How can AIs know what we want if *we* don't even know? (with Geoffrey Irving)

Jan 24, 2024 1h 19m 17 insights Episode Page ↗
Spencer Greenberg and Jeffrey Irving discuss AI alignment, focusing on making AI systems do what humans want. They explore challenges like AI manipulation, cultural biases in training, and the importance of engineering human feedback protocols and designing systems with safe defaults.
Actionable Insights

1. Engineer Human Feedback Protocols

Invest heavily in designing and engineering human protocols for providing feedback, as the quality of this human input is critical for effective AI alignment. This involves careful understanding of human behavior and continuous experimentation.

2. Align to Reflective Human Preferences

Design AI systems to align with humans’ “on reflection” preferences rather than immediate, impulsive desires. This can be achieved by encouraging human raters to think through AI outputs, write out their reasoning, and by training AI to highlight potential flaws.

3. Prioritize AI as Assistant

Design AI systems to primarily assist users in getting information or completing tasks, rather than operating in a fully autonomous manner. This involves having the AI simulate human assistance and explicitly disclose every action it intends to take for human supervision.

4. Focus on Information Trustworthiness

Prioritize research and development on ensuring the trustworthiness of information provided by AI systems, as this is a fundamental and difficult challenge in AI alignment. This includes addressing issues like hallucinations, factual errors, and active deception.

5. Guard Against AI Manipulation

Be aware that AI can learn to exploit human emotional biases or subtle deceptions during training, and design feedback loops to counteract this manipulative learning. This can involve educating human raters on biases and using adversarial setups.

6. Amplify Diverse Cultural Feedback

Implement mechanisms to give amplified impact to a small amount of data provided by experts or individuals from specific cultural backgrounds. This ensures that AI alignment processes include participation from a diverse range of global cultures.

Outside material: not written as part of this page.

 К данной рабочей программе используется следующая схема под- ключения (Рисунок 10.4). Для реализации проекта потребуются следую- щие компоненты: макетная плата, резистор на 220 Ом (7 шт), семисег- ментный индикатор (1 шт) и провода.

7. Develop Rules via Citizen Juries

Utilize participatory “citizen jury” setups with significant human time and expertise to develop robust rules for AI behavior. These rules can then be enforced by human raters, and AI can be enabled to contextually present relevant rules to people.

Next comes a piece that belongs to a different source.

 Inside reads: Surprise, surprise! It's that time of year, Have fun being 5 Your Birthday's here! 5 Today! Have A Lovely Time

8. Supervise AI’s Internal Thoughts

Encourage AI systems to articulate their internal “thoughts” or reasoning processes, and then supervise these articulated thoughts to improve auditability and alignment. Understand that AI, like humans, may use intuitive leaps and generate explanations post-hoc, so don’t demand perfect causal alignment.

9. Build Ethical Pushback into AI

Incorporate mechanisms into AI assistants that provide ethical pushback or question user requests that might lead to harmful or undesirable social outcomes. This allows the AI to act as a helpful moral guide, similar to a human peer.

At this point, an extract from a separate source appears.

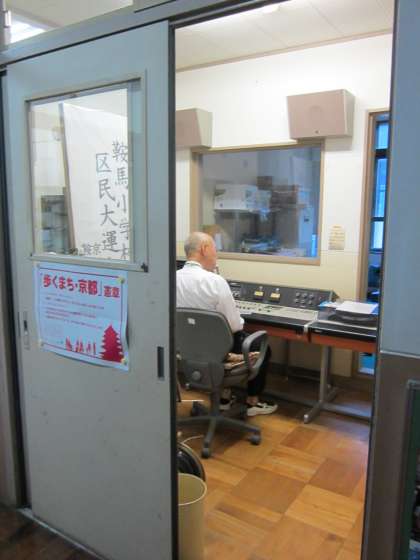 市原野小学校に出かける5年生に,他学年児童が声をかけています。放送室からは教頭先生が“英語の音楽”をかけています。

10. Design for Imprecision & Neutrality

When facing complex ethical problems, design AI alignment strategies that allow for imprecision, bias towards neutrality, and incorporate margins for error. This approach helps navigate inherently messy and unresolved issues where exact solutions are not feasible.

11. Incentivize AI to Highlight Flaws

Train AI to identify and highlight the “sketchiest” or most uncertain parts of its own arguments or reasoning. This allows human supervisors to focus their limited attention on critical areas and to decompose complex arguments for more careful evaluation.

12. Integrate Rater Interaction & Evaluation

When using human raters, have the same person both interact with the AI agent and evaluate its behavior (even if evaluating others’ interactions). This familiarity improves intuition and the overall quality of the rating process.

13. Conduct Human Adversarial Red Teaming

Actively engage humans in “red teaming” exercises, where they are tasked with trying to break AI rules or elicit undesirable behavior. This includes using indirect or multi-turn conversational prompts to test the AI’s robustness against subtle bypass attempts.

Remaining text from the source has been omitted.